[Entries shown — start]

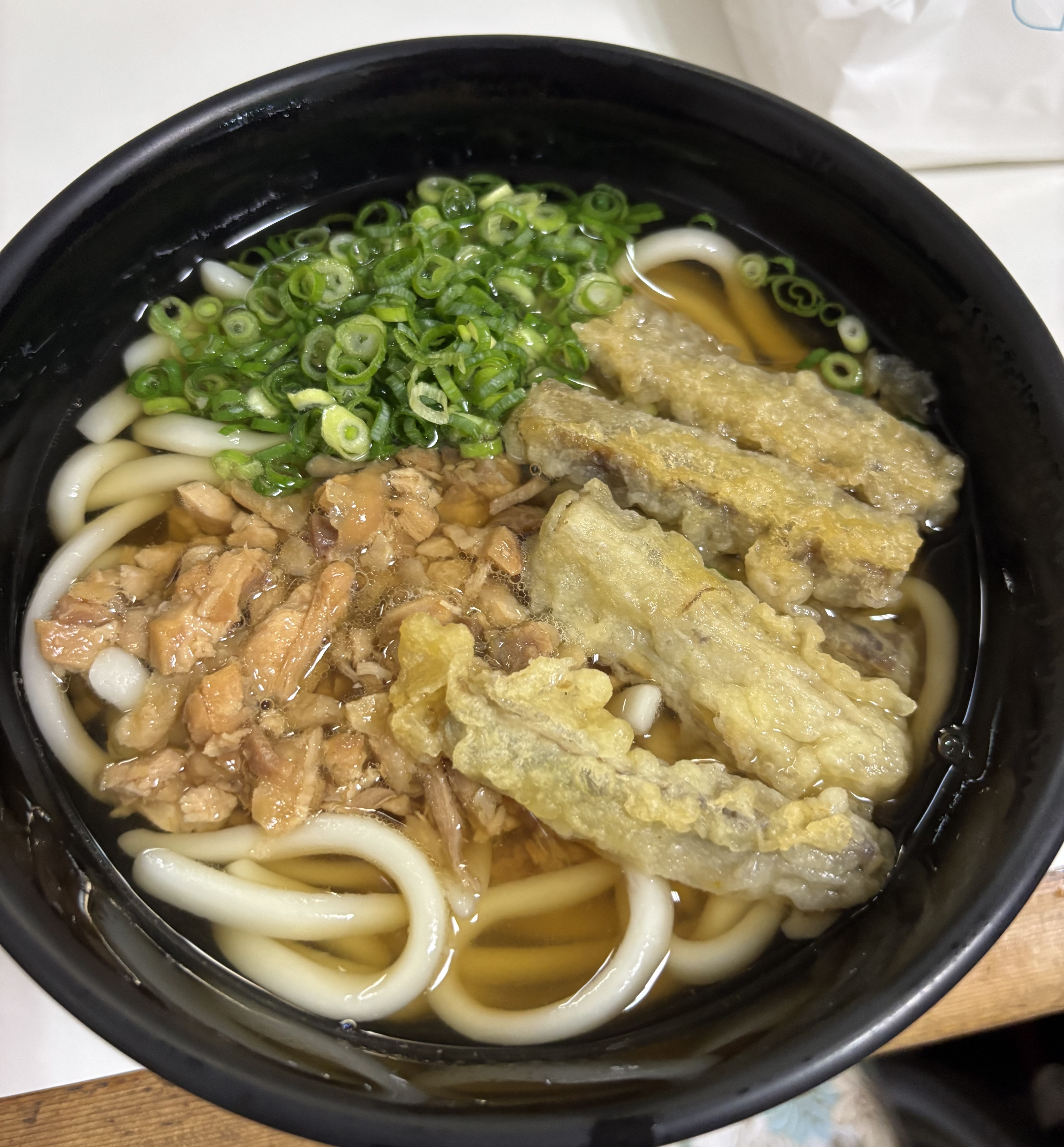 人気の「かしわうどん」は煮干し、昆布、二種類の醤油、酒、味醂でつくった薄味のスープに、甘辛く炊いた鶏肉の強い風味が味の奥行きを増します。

[Entries shown — finish]
[Entries shown — start]

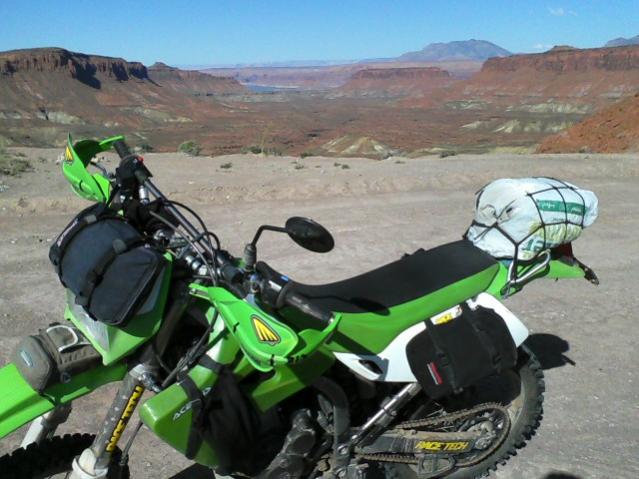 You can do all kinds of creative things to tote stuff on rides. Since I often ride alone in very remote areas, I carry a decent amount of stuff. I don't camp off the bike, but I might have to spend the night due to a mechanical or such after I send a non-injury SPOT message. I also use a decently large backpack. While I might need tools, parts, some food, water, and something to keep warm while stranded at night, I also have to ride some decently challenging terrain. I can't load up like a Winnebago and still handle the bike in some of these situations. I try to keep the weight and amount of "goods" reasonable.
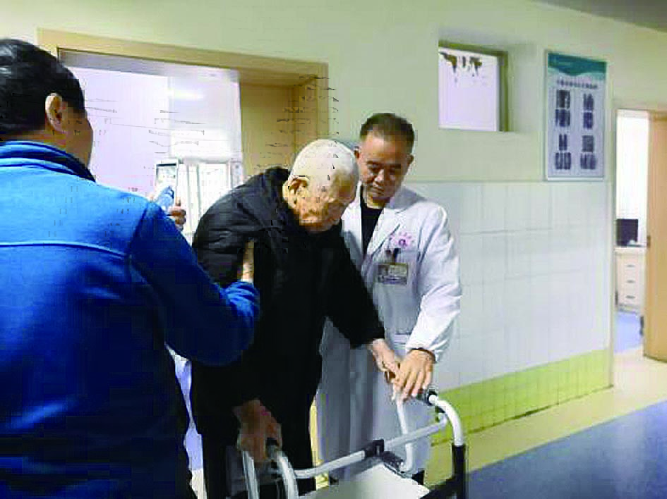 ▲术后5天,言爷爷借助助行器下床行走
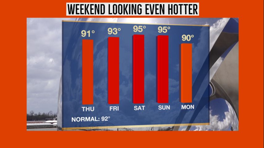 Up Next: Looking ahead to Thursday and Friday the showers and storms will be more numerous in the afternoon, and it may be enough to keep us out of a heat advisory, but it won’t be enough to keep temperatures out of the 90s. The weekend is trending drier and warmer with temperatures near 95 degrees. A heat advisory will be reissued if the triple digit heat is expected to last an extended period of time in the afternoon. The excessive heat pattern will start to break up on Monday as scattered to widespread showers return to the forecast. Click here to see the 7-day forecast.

[Entries shown — finish]

Above are some records. Output exactly the lines from the one that contains "You can do all" to the one that contains "Up Next: Looking", keeping both, and omit the pictures.

 You can do all kinds of creative things to tote stuff on rides. Since I often ride alone in very remote areas, I carry a decent amount of stuff. I don't camp off the bike, but I might have to spend the night due to a mechanical or such after I send a non-injury SPOT message. I also use a decently large backpack. While I might need tools, parts, some food, water, and something to keep warm while stranded at night, I also have to ride some decently challenging terrain. I can't load up like a Winnebago and still handle the bike in some of these situations. I try to keep the weight and amount of "goods" reasonable.
 ▲术后5天,言爷爷借助助行器下床行走
 Up Next: Looking ahead to Thursday and Friday the showers and storms will be more numerous in the afternoon, and it may be enough to keep us out of a heat advisory, but it won’t be enough to keep temperatures out of the 90s. The weekend is trending drier and warmer with temperatures near 95 degrees. A heat advisory will be reissued if the triple digit heat is expected to last an extended period of time in the afternoon. The excessive heat pattern will start to break up on Monday as scattered to widespread showers return to the forecast. Click here to see the 7-day forecast.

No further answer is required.